In the bush, work moved at a steadfast pace, and we often rolled a log into the shade before beginning on it with maul and wedges. Every green thing in forest and clearing was moving to a climax of growth. Cicadas made the still noonday loud, and Billy drowsed under the trees on three legs. Something in the air told you that the season was at the turn. The weather held; and there came an evening when Mr Sims was more than ordinarily late in appearing at table and, as he took his seat, said with the air of one making a dramatic announcement, “Well, I’ll begin cutting the rye in the morning!”
It was a warm morning and dry, ideal harvest weather, with a late-November bloom on it—just before the pallor of high summer —when everything you looked at seemed brighter than life and a size larger; and although work made you sweat quite freely you felt a bit larger than life yourself. The scytheman, stripped to grey flannel and with a red kerchief around his neck to ward off sunburn, trimmed a few straggling stalks that had sprung on the headland, then swung into the crop, and soon the lane of shaved stubble was lengthening behind him, while the rye subsided in dark swaths above the shining arc of his blade.
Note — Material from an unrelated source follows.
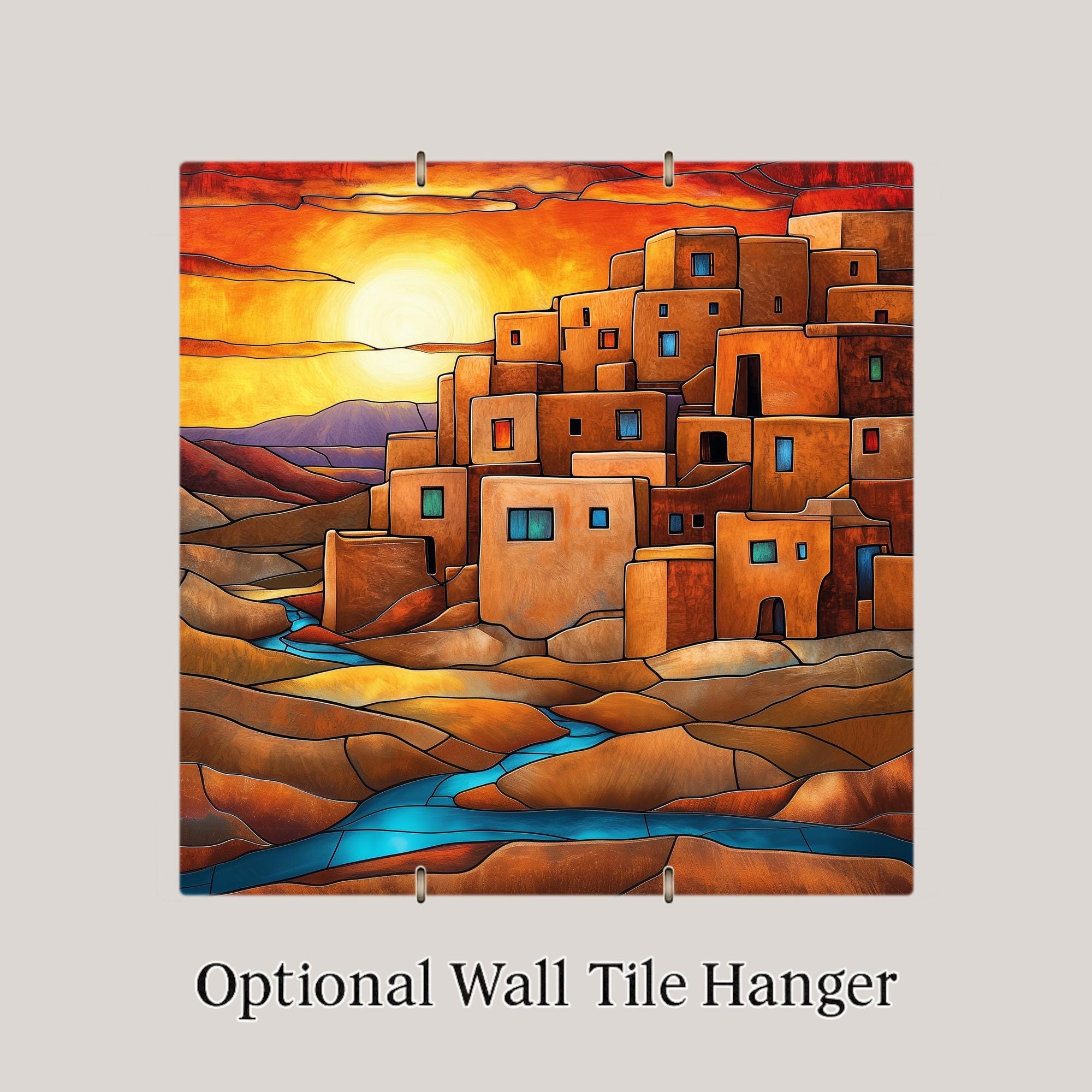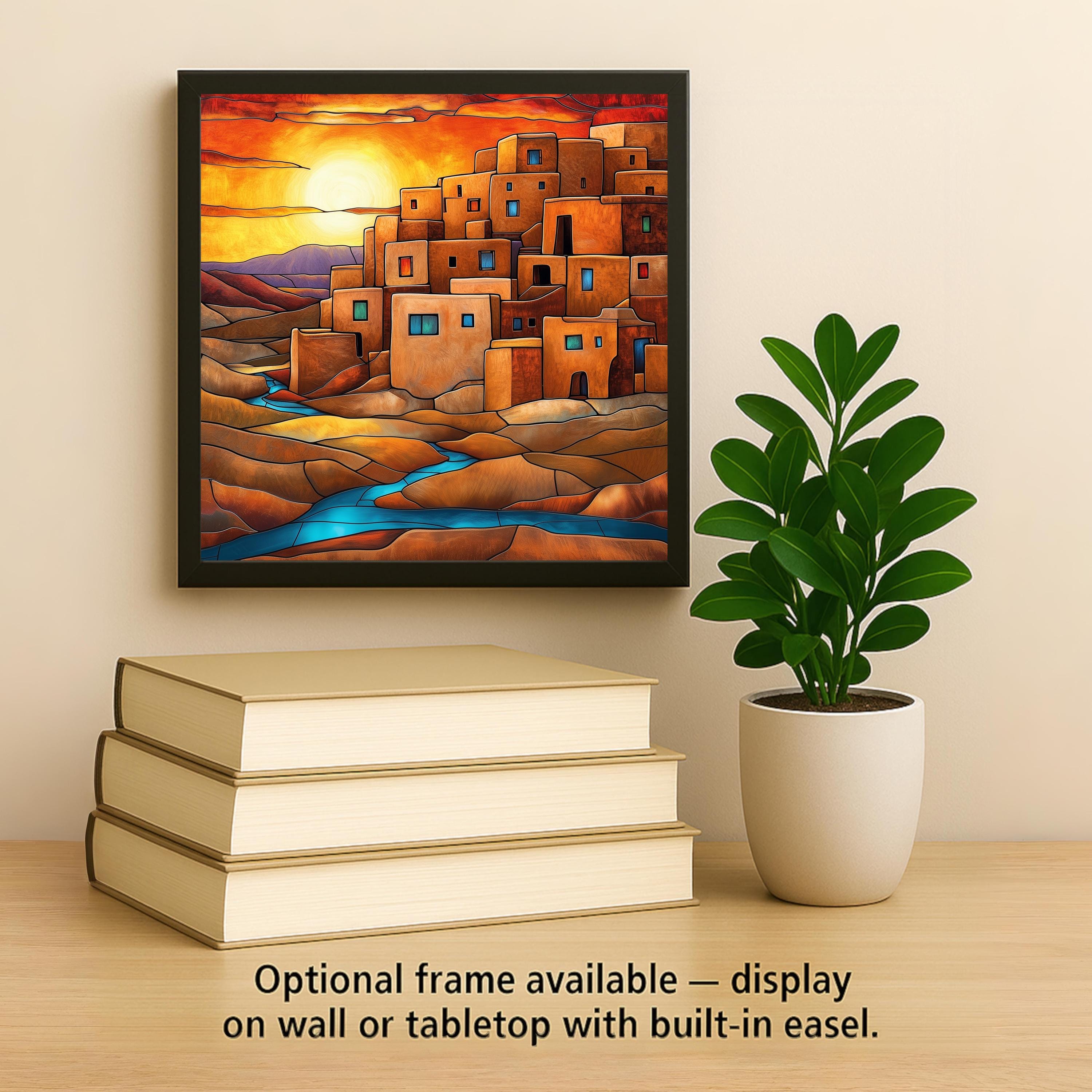 It makes a strong gift for Taos and Santa Fe visitors, New Mexico natives, Southwest art collectors, boho home decorators, and anyone drawn to the earthy palette and rich cultural heritage of pueblo architecture. The stained glass style gives a timeless subject an unexpected luminous treatment that makes it stand apart from photography and standard illustration.

The use of the scythe is an art and beautiful to see. It takes skill that has become part of nature to wield that python handle so that the blade neither stabs the earth with its point nor raises the dust with its heels, but shears close and even. The movements of the scytheman’s body are rhythmical like those of a ritual dance. His arms and shoulders swing wide above rigid hips, and the movements of his feet are timed to the sweep of the blade. In watching our scytheman we forgot his stooped shoulders and stiff gait; youth and grace had returned to him. In the return swing his blade came clean from under the swath, leaving the windrows smooth for the binders who would come after him.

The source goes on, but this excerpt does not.